**Required action:** Would you set down the data that follows, word for word, without any pictures?

**Collection entries:**
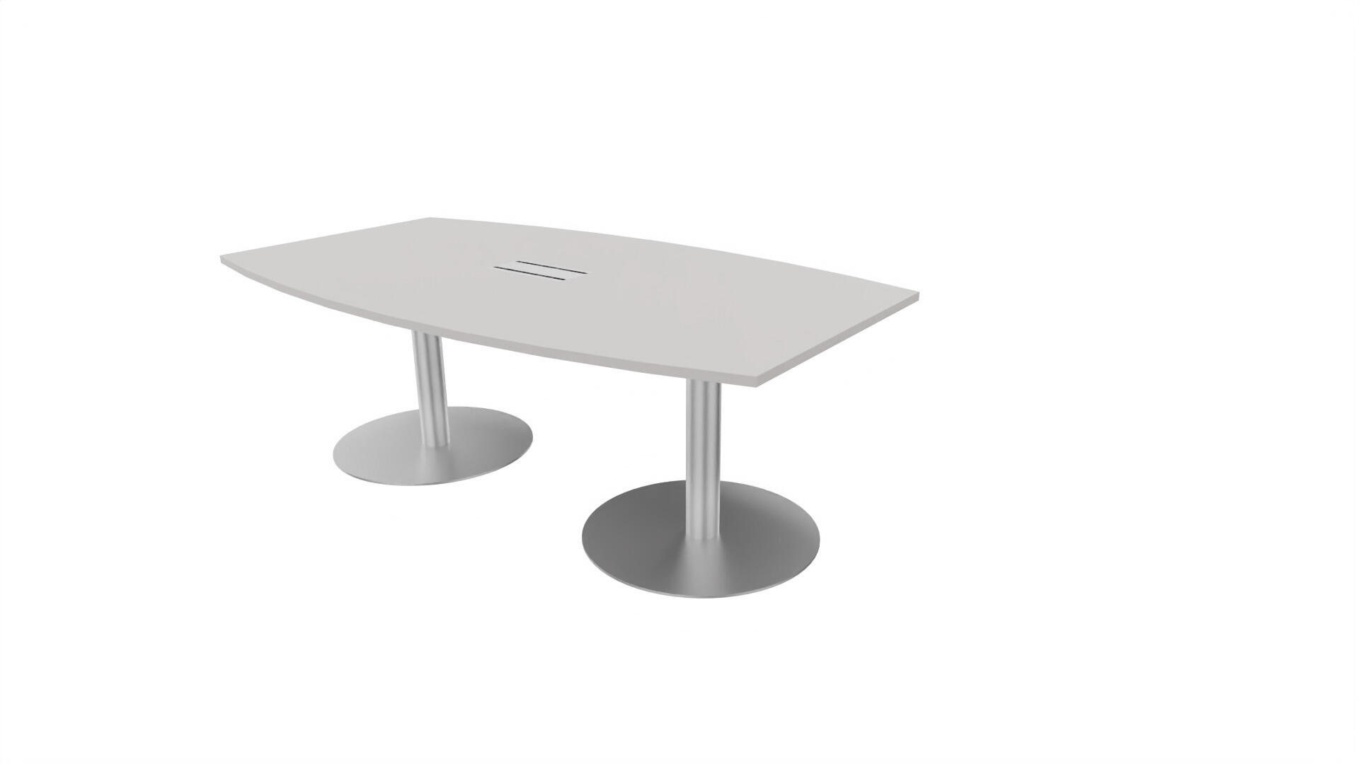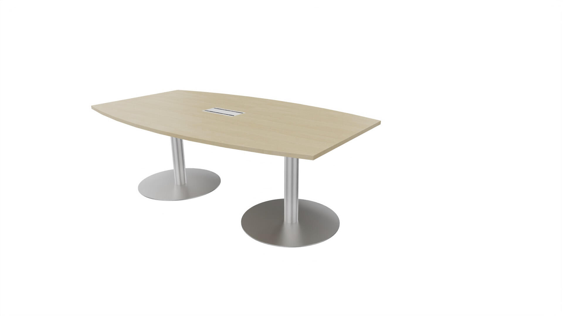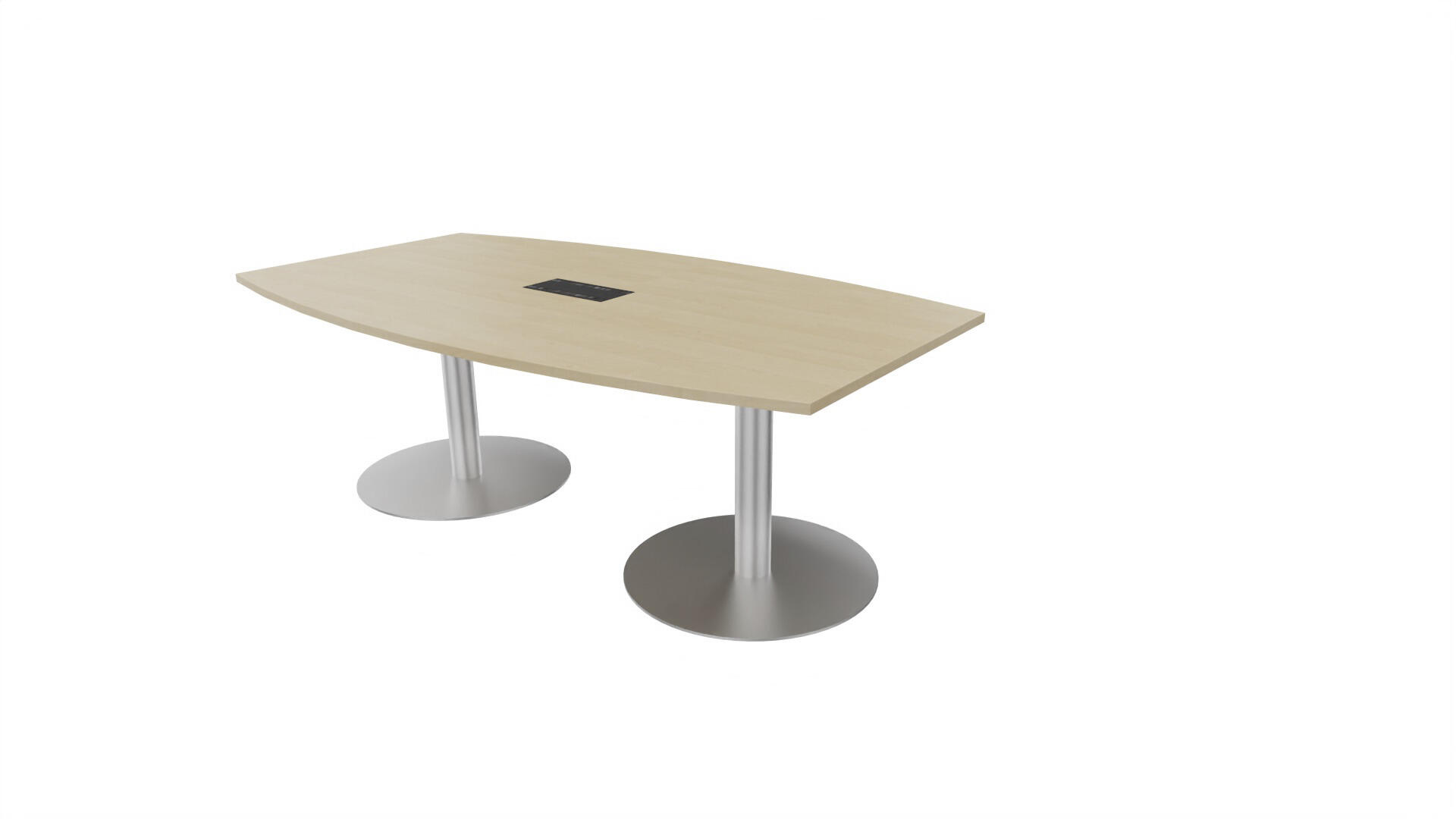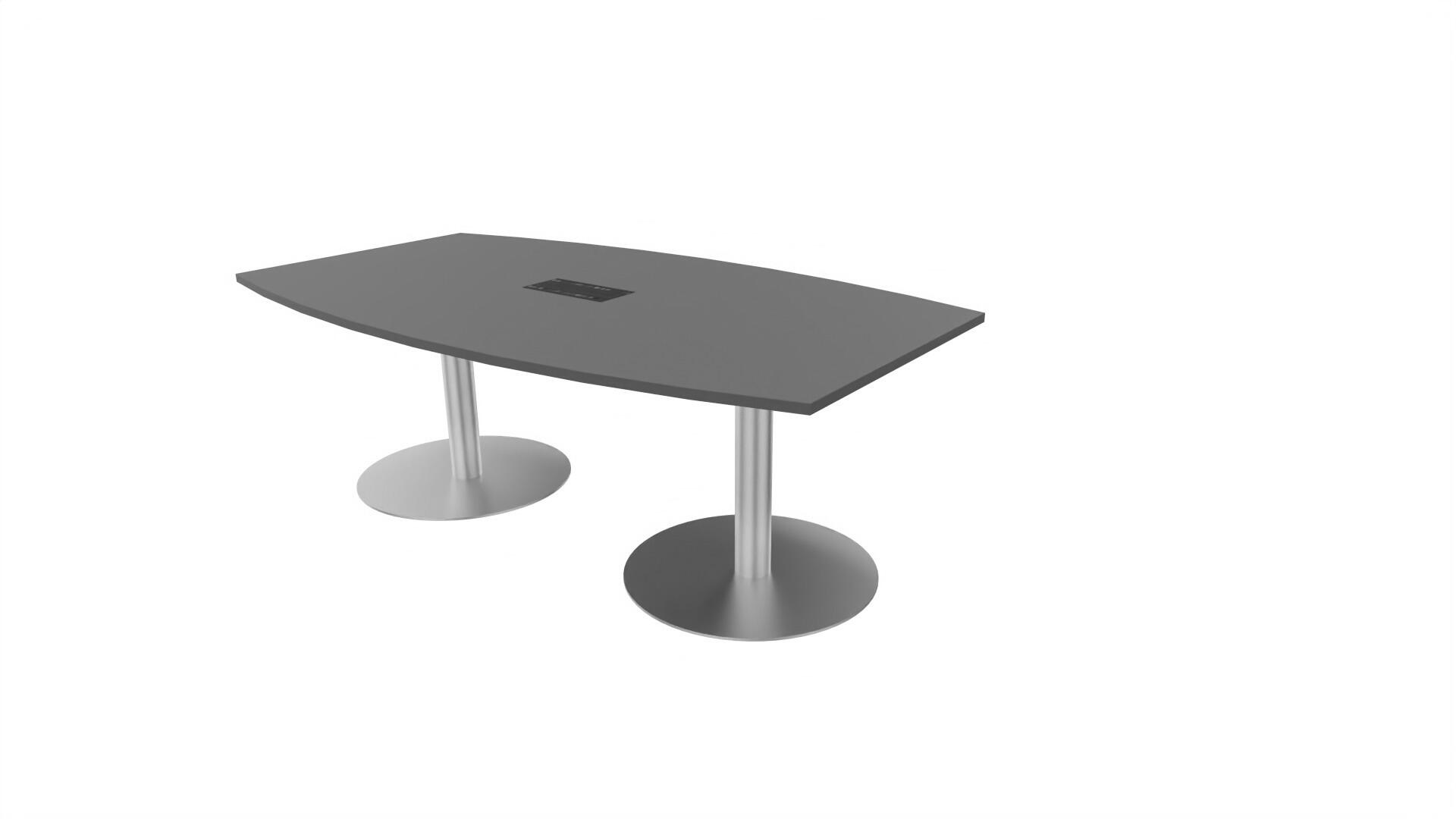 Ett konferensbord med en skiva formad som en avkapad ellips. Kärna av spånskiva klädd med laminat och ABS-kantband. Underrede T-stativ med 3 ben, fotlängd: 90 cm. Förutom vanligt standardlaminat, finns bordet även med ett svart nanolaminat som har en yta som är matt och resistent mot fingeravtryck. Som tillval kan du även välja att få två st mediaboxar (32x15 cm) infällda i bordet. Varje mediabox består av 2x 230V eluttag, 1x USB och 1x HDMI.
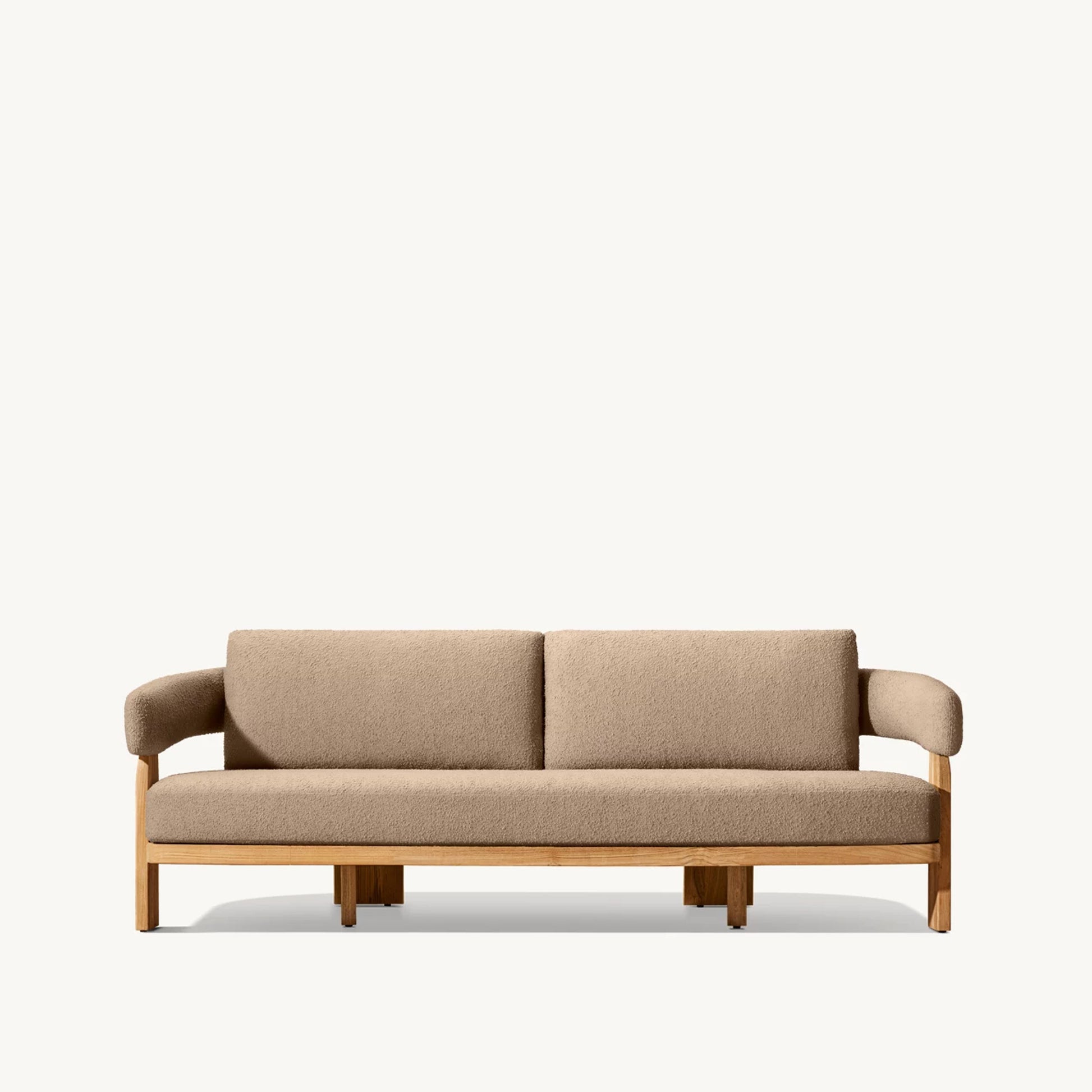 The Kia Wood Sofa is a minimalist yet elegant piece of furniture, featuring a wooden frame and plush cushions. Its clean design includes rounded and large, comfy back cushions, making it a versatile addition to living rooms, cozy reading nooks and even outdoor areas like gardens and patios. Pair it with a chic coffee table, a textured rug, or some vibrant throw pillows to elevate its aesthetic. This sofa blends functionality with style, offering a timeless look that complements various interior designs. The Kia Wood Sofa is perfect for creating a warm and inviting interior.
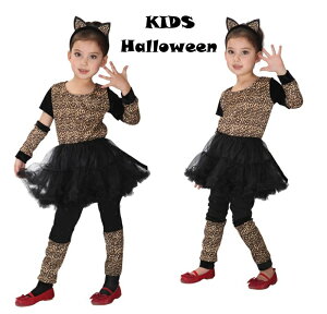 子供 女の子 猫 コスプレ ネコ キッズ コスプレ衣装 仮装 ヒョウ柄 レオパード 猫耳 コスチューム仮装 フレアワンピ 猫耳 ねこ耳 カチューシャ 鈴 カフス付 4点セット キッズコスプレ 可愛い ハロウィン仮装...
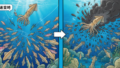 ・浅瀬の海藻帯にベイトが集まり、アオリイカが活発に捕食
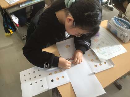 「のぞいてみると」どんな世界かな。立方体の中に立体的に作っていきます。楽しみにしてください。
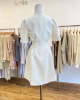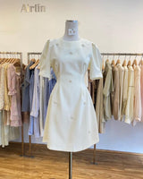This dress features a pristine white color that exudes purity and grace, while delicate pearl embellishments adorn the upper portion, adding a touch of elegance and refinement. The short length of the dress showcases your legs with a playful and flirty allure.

**Task output:**
 Ett konferensbord med en skiva formad som en avkapad ellips. Kärna av spånskiva klädd med laminat och ABS-kantband. Underrede T-stativ med 3 ben, fotlängd: 90 cm. Förutom vanligt standardlaminat, finns bordet även med ett svart nanolaminat som har en yta som är matt och resistent mot fingeravtryck. Som tillval kan du även välja att få två st mediaboxar (32x15 cm) infällda i bordet. Varje mediabox består av 2x 230V eluttag, 1x USB och 1x HDMI.
 The Kia Wood Sofa is a minimalist yet elegant piece of furniture, featuring a wooden frame and plush cushions. Its clean design includes rounded and large, comfy back cushions, making it a versatile addition to living rooms, cozy reading nooks and even outdoor areas like gardens and patios. Pair it with a chic coffee table, a textured rug, or some vibrant throw pillows to elevate its aesthetic. This sofa blends functionality with style, offering a timeless look that complements various interior designs. The Kia Wood Sofa is perfect for creating a warm and inviting interior.
 子供 女の子 猫 コスプレ ネコ キッズ コスプレ衣装 仮装 ヒョウ柄 レオパード 猫耳 コスチューム仮装 フレアワンピ 猫耳 ねこ耳 カチューシャ 鈴 カフス付 4点セット キッズコスプレ 可愛い ハロウィン仮装...
 ・浅瀬の海藻帯にベイトが集まり、アオリイカが活発に捕食
 「のぞいてみると」どんな世界かな。立方体の中に立体的に作っていきます。楽しみにしてください。
This dress features a pristine white color that exudes purity and grace, while delicate pearl embellishments adorn the upper portion, adding a touch of elegance and refinement. The short length of the dress showcases your legs with a playful and flirty allure.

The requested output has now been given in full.